【藤津郡嬉野町川内地区】 現地調査レポート 1EC99138 松林祐貴 1EC99120 藤井 舞
川内地区:話を伺った方 大島 政実さん(S.12、2生)
水利と水利慣行 使用している用水の水源は、鞘川で、上流域のヒロコラ(広川原)から水を引き用水としている。下流域の峰と川内で、用水を2線引き使用している。使用する上の取り決めとして、水田の面積に応じて、田に水を引く水口の大きさを決めている。

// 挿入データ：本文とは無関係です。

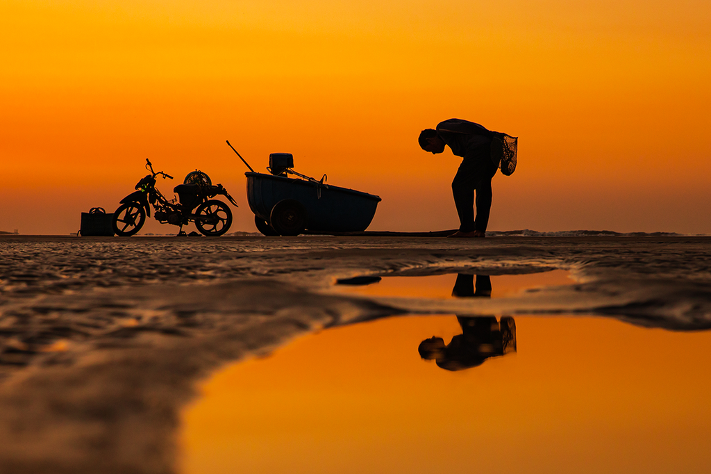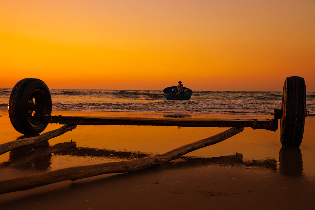 Khi những túi ngao đã đầy ắp, ngư dân lại chuẩn bị dóng thuyền thúng, bắt đầu công việc đánh bắt ngoài biển. Sự hòa quyện giữa màu vàng cam của nắng, ánh nâu từ cát tạo nên bức tranh Hồ Tràm sớm bình minh đẹp đến nao lòng. Cả không gian chìm đắm trong sắc màu huyền ảo, con người lúc này trông thật nhỏ bé giữa đất trời bao la.

(小さい田には一寸口など) ※一寸口の写真省略。
昔、水争いはなかったが、夜中に水を多く引こうとしていた人もいたので、夜中にだけミゾバンと呼ばれる人を、見張りとしてつけていた。 1994年の大旱魃の時には、ヒロコラ(広川原)のところに水不足の時のための溜池があるので、米がとれないということはなかった。また、溜池は昔からあるので、たとえ30年以上前に大旱魃がおきたとしても水に困ることもなかっただろうということだった。その溜池の水の量を調節するセンゴンバンと呼ばれる管理人がいる。センゴンバンは、ヒロコラの人がしているので、カワチとミネとヒロコラの3部落でわずかではあるが、報奨金をわたしている。 それに、旱魃の影響で田を畑に変えることもなかった。それには、かつて減田のために転作をしたことも田を畑に変えなかった理由のひとつであるらしい。また、この地域の人は、雨乞いの経験はないということだった。
昔の暮らしについて 村の発達 村にいつ電気、ガスがきたかというのは、よくわからないということだった。だが、やはり昔は、薪で御飯や風呂をたいていたということだった。薪を手にいれるために、川内地区には、国有林、かしつけ林、はらいさげ林と言われる共有林と個人で所有している山がある。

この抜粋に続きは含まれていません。